#### About this task
Look below for the line holding "Vom lua bățul" and the line holding "这是7月30日拍摄的黑龙江省". Repeat those two and everything between, exactly.
╭─ Given data
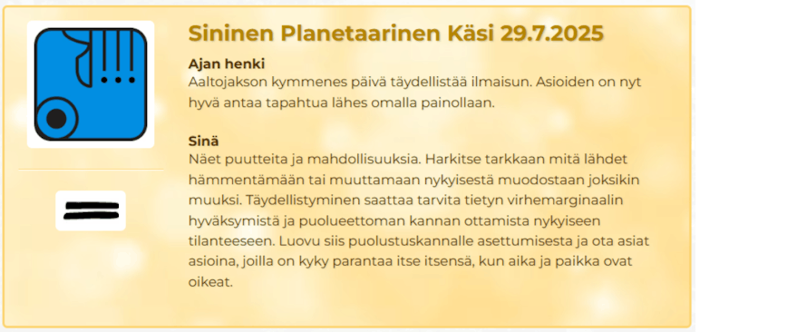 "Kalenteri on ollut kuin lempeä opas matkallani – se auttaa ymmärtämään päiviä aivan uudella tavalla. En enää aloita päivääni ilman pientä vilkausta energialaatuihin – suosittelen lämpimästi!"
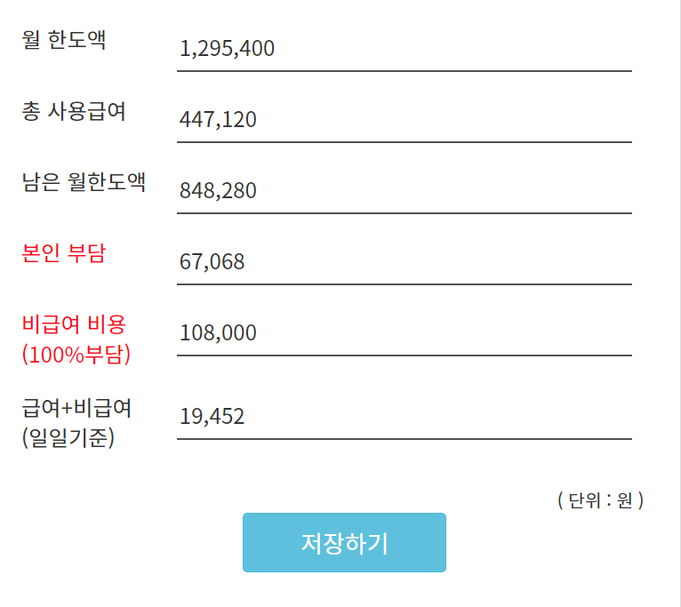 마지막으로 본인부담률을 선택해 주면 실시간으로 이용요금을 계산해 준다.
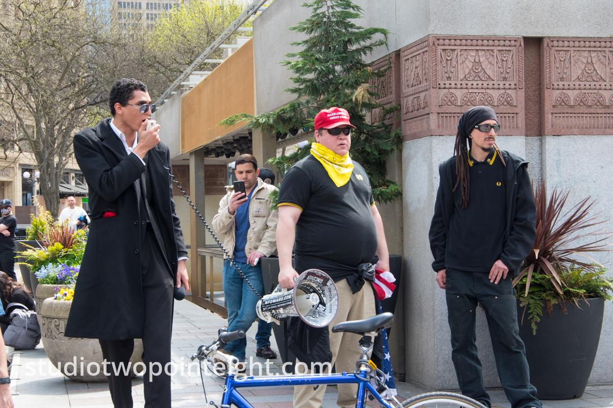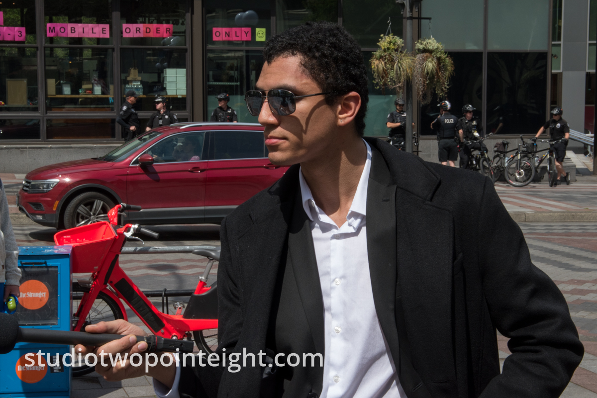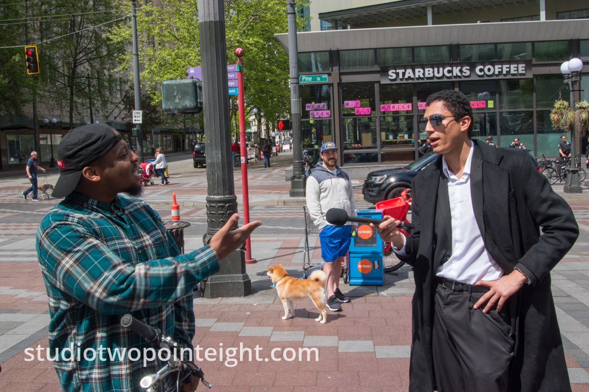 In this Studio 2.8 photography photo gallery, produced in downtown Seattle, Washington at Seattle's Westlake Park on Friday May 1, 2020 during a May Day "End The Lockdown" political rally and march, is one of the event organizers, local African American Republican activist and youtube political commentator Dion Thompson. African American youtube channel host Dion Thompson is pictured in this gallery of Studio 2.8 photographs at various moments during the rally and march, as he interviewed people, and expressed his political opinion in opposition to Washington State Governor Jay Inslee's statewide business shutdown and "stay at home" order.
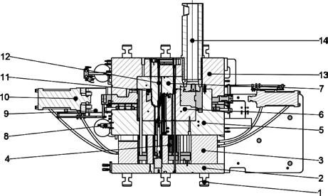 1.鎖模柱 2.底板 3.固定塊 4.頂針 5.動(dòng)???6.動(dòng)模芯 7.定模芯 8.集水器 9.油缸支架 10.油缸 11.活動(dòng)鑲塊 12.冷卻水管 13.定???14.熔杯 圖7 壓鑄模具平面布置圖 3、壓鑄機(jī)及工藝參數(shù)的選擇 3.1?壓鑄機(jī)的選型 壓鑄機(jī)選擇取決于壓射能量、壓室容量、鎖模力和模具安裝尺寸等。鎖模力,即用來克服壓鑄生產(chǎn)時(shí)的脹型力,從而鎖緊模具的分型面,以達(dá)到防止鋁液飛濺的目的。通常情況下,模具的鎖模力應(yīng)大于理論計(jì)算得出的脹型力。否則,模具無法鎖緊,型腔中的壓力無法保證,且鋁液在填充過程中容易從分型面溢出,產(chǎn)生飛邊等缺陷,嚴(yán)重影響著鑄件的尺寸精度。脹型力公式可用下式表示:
╰─
╭─ Given data
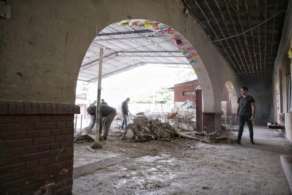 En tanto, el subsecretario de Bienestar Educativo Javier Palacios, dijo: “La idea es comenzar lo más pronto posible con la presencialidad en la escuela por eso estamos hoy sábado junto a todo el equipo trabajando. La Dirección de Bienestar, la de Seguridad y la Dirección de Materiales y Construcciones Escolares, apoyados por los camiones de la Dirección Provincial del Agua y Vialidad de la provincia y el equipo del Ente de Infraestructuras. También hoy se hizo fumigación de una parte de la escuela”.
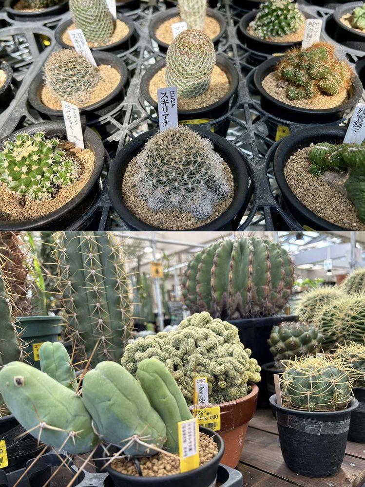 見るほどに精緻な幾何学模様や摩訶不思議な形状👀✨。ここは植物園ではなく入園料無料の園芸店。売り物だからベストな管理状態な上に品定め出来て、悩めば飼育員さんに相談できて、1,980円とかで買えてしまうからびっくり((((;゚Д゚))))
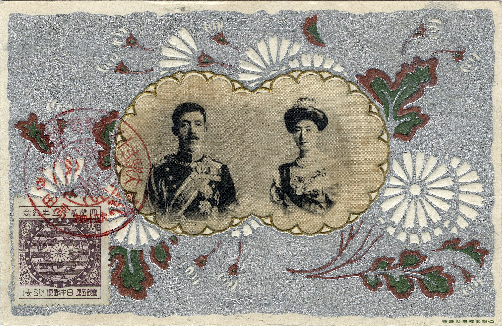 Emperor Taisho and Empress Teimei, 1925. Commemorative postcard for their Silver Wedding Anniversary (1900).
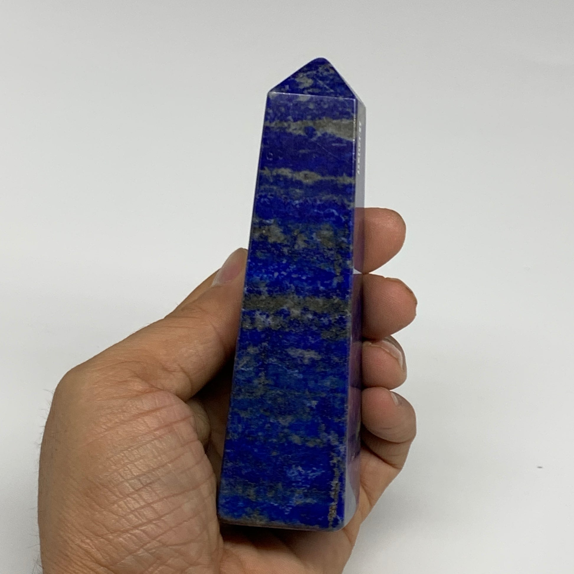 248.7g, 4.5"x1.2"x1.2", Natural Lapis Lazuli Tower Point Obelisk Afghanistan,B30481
╰─
╭─ Given data
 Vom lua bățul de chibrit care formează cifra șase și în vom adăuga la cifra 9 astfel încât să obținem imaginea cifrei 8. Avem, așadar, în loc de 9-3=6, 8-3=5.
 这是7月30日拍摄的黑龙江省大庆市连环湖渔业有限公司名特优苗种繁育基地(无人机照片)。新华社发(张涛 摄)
╰─
#### Output below
 Vom lua bățul de chibrit care formează cifra șase și în vom adăuga la cifra 9 astfel încât să obținem imaginea cifrei 8. Avem, așadar, în loc de 9-3=6, 8-3=5.
 这是7月30日拍摄的黑龙江省大庆市连环湖渔业有限公司名特优苗种繁育基地(无人机照片)。新华社发(张涛 摄)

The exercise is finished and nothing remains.